Explaining the paperWorld ModelsWhat if an agent could practice a task thousands of times without ever touching the real environment, by running the practice runs inside a model it dreamed up itself?
A batter facing a 100 mph fastball has less time to react than it takes for the visual signal to travel from the eye to the conscious brain. They swing anyway, and they connect, because they are not reacting to the ball. They are reacting to a prediction of where the ball will be. We all do this constantly. The brain carries a compressed running model of the world and acts on what that model expects to happen next, not on the raw flood of the senses, which arrives a beat too late to be useful.
World Models, by David Ha and Jürgen Schmidhuber, asks what an artificial agent built on the same principle would look like, and then builds the smallest version that works. The agent has three parts that mirror the cognitive story: something that sees and compresses each frame, something that remembers and predicts what comes next, and something that decides. The first two together are the "world model." The third is a controller so small you could fit its parameters on an index card.
That division is the whole idea, and it produces a result that sounds unlikely the first time you hear it. Because the world model learns to predict the future, you can unplug the real environment and let the model generate the agent's experience instead. The agent trains inside this dreamed-up environment, never seeing a real pixel, and the policy it learns there transfers back to the actual game. To make all of that land, we need to build the three parts in order, see how they snap together into a loop, and then watch what happens when you cut reality out of that loop.

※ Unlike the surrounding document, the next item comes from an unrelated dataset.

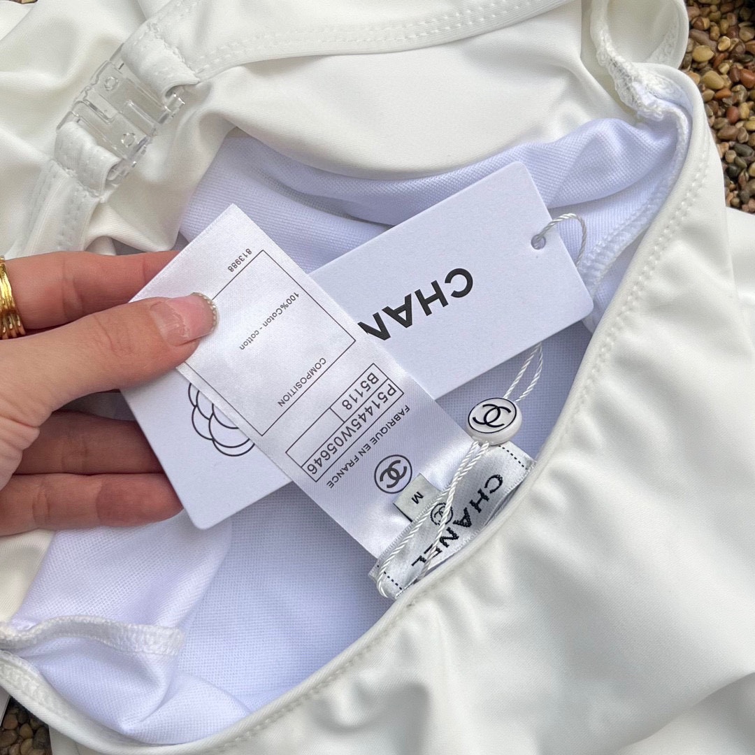 Chanel Ruffle Irregular One Piece Swimsuit Bikini

A big world model and a tiny controller
Start with a problem that has shaped reinforcement learning for years: credit assignment. An agent takes thousands of actions and, much later, gets a single number telling it how well the whole episode went. Which actions deserve the credit? Backpropagation, the workhorse that trains huge networks elsewhere, needs a clean differentiable path from a loss back to every weight. A sparse, delayed, often non-differentiable reward gives it almost nothing to chew on. So in practice people who train policies by reinforcement learning keep the networks small, because a small network is all the weak reward signal can manage to steer.
The paper's move is to refuse the tradeoff. It splits the agent so that the part needing a rich, easy, differentiable objective and the part needing the weak reward signal are different networks, trained in different ways.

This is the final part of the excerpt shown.